Opinion
278 A.D. 125 103 N.Y.S.2d 549 In the Matter of WHITE PLAINS HOUSING AUTHORITY, Appellant, v. ZONING BOARD OF APPEALS OF THE CITY OF WHITE PLAINS et al., Respondents. Supreme Court of New York, Second Department. April 2, 1951
APPEAL from an order of the Supreme Court at Special Term (SCHMIDT, J.), entered July 12, 1950, in Westchester County, which dismissed an application by petitioner, in a proceeding under article 78 of the Civil Practice Act for an order annulling a determination of the Zoning Board of Appeals of the City of White Plains which granted permission to respondent Winchester Equities, Inc., to erect a garage building in connection with its nonconforming use, as a gasoline filling station, of premises owned by it and situated opposite petitioner's public housing project. After said Winchester Equities, Inc., had applied to the Zoning Board of Appeals for such a variance and a hearing had been held on December 7, 1949, the City of White Plains repealed the existing zoning ordinance on December 19, 1949, and adopted a new zoning ordinance, effective January 21, 1950, in which said premises of Winchester Equities, Inc., were rezoned from commercial use to residence use. The new zoning ordinance provided that 'The repeal of the above ordinances does not affect or impair any act done, offense committed or right accruing, accrued or acquired, or liability, penalty, forfeiture or punishment incurred prior to the time such repeal takes effect, but the same may be enjoyed, asserted, enforced, prosecuted or inflicted, as full and to the same extent as if such repeal had not been effected.' The Zoning Board of Appeals granted the requested variance on April 10, 1950.
COUNSEL
John J. Dillon for appellant.
William R. Condit, Corporation Counsel (John H. Shetron of counsel), for Zoning Board of Appeals, respondent.

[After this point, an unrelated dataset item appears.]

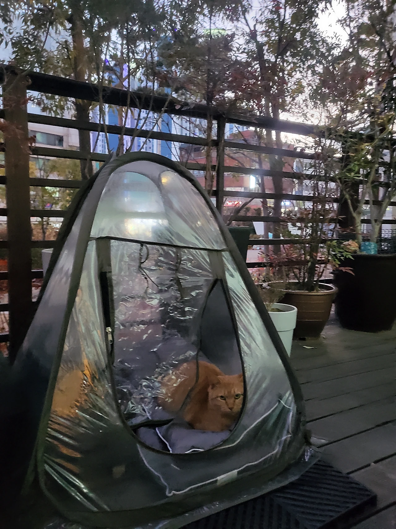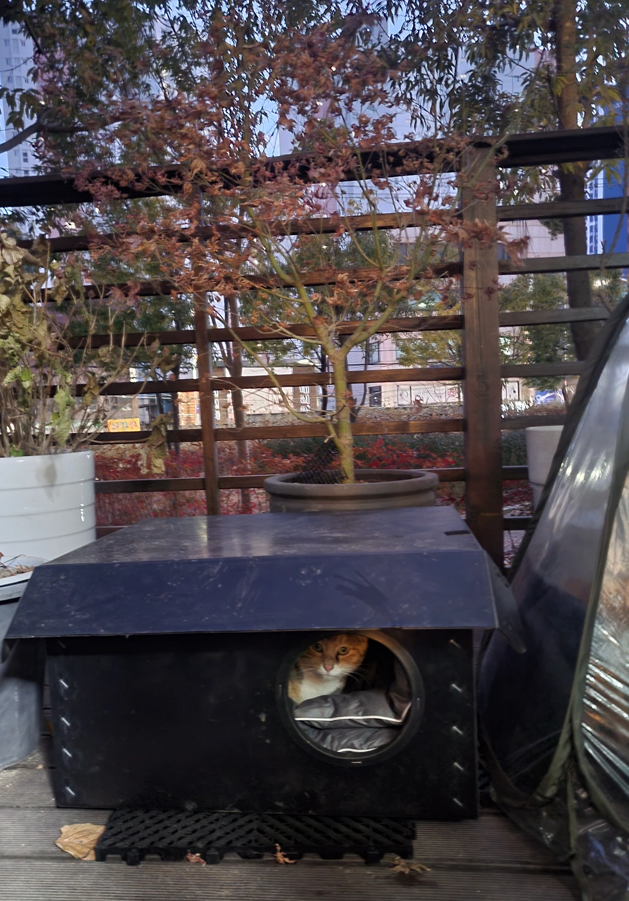 새 방석을 넣어 준 저녁, 치즈가 잘자는지 궁금해서 베란다 문을 열어보았다. 하지만 검은 집에서 내다보는 얼굴은 순둥이 치즈가 아닌 것 같았다.

Samuel Faile for Winchester Equities, Inc., respondent.
Per Curiam.
The Zoning Board of Appeals has not stated any facts in the resolution authorizing the erection of the garage, and those facts which can be ascertained from the record do not establish that unnecessary hardship or difficulty is imposed upon the owner by the zoning ordinance. (Matter of Otto v. Steinhilber, 282 N.Y. 71.)
The board was bound by the zoning ordinance adopted after the hearing but before the determination. (Matter of Cherry [Isbister], 201 A.D. 856, affd. 234 N.Y. 607.) That ordinance did not provide for the erection of new buildings in nonconforming areas. (§§ 5, 7.) The owner, by filing the application and by the hearing, gained no right, inchoate or vested, which was protected by the saving clause in the new ordinance. (Matter of Atlas v. Dick, 275 A.D. 670, affd. 299 N.Y. 654; Matter of Fox Lane Corp. v. Moore, 216 A.D. 813, affd. 243 N.Y. 550; Rice v. Van Vranken, 225 A.D. 179, affd. 255 N.Y. 541.)
The language of the saving clause relates to an act done by the board or to a right accruing based on an act done by the board. Here the act was done by the board after the repeal, not before, and the pseudo right, if any, accrued after the repeal, when the ordinance no longer existed. A different situation would be presented if the board had acted or granted a permit before the effective repeal date and the petitioner had not exercised the right granted by such a permit. In the latter situation the saving clause would inure to petitioner's benefit, and it could act on the permit even though it had not previously acquired a vested right under the doctrine of the cited cases which did not have saving clauses. But here the board's action occurred after the repeal of the ordinance invoked. This interpretation of the saving clause gives it effect in a proper case and is consistent with the doctrine of the 'vested right' cases. If it were intended to relate to pending but undecided applications, appropriate language was available and could have been used, as has been done in kindred situations (e.g., landlord and tenant legislation). In Cameron v. New York s&sMount Vernon Water Co. (133 N.Y. 336) the acts referred to in the saving clause related to acts of the parties, and rights growing out of acts of the parties. That is not the situation here. In the Cameron case the clause was not concerned with acts of an official body or rights emerging therefrom, as is the clause in the instant case. (See, also, Boardwalks&sSeashore Corp. v. Murdock, 286 N.Y. 494; Palmer v. Hickory Grove Cemetery, 84 A.D. 600, 606, 607; Webster v. Town of White Plains, 93 A.D. 398, 400, and United States Mtge.s&sTrust Co. v. Ruggles, 232 A.D. 9.)
The order should be reversed on the law and the facts, without costs, and the determination annulled, without costs.
NOLAN, P. J., CARSWELL, JOHNSTON, WENZEL and MACCRATE, JJ., concur.
Order reversed on the law and the facts, without costs, and the determination annulled, without costs.